THE THROUGH LINE: 200 Years of the Berry Street Essay, edited by Kate R. Walker (2021).

In 1820, the Rev. William Ellery Channing, minister of Boston's Federal Street Church, was the proponent of a heretical theology called unitarianism.  He called together fellow unitarian ministers to hear a lecture entitled, "How Far Is Reason to Be Trusted in Explaining Revelation?" and to talk about the new ideas.

They agreed to meet the following year, and they and their successors have met every year down to the present.  The talks are known as the Berry Street Lectures because the building in which they originally met opened on Berry Street; the meetings currently are held in a different place each year.

They are of interest not just to us Unitarian Universalists, but to anyone interested in the trajectory of religious liberalism.

The Rev. Kate R. Walker found that the present-day record of the Berry Street Essays was woefully incomplete.  She and her helpers did a great service to history and to Unitarian-Universalism by tracking down missing texts.  The archive now includes roughly three-quarters of the original essays, some of them in the form of summaries or reports.

Her new book, The Through Line, consists of reviews of the essays during 13 different periods of history, plus texts of essays for 19 different years, and an introduction and conclusion by herself.

Two essays are by UU ministers I personally know and greatly esteem, the Rev. Richard S. Gilbert and the Rev. Mark D.  Morrison-Reed.

The essays are interesting snapshots of liberal religious thinking, past and present, but the reviews don't add much.

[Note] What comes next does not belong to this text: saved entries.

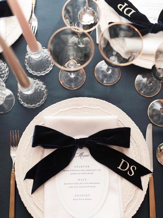 This black hardcover booklet is adorned with a debossed monogram and letterpress, featuring elegant gold foil hotstamping.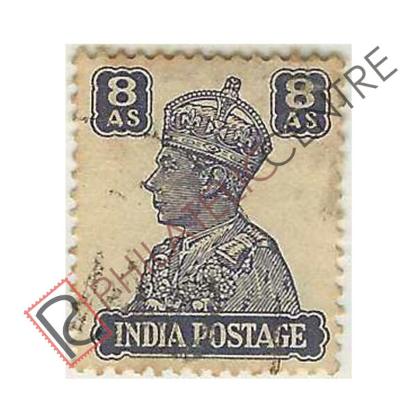 BRITISH INDIA USED STAMP: KING GEORGE VI : 1940 OCTOBER 15-1943 DUE TO THE 2ND WORLD WAR,ALL VALUES-EXCEPT RUPEE VALUES,WERE MADE SMALLER & DESIGN CHANGED TO SAVE MONEY ON PAPER & PRINTING INK. TYPO.WMK MULTIPLE STAR. 8A SLATE-VIOLET (1941 MAY 15)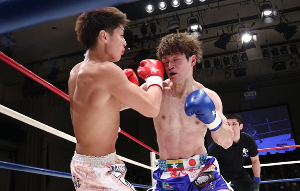打ち合いに挑む金子(右)逆襲及ばずKO負け

The reviews are marred by "present-ism," aka "the whig interpretation of history."  UU ministers of the past are condemned for not sharing the present-day understanding of racism, sexism, homophobia, transphobia, classism, ableism, etc., not to mention most of them being white, male and members of the New England elite.  

It would have been better to omit the reviews and include more essays, at least one more for each era reviewed.

Fortunately the Unitarian Universalist Ministers' Association has created a web page with links to all the known essays.

You can browse through them on the Ministers' Conference at Berry Street: Essays web site.  In my opinion, you'd get as much or more out of reading them on-line as by reading the book.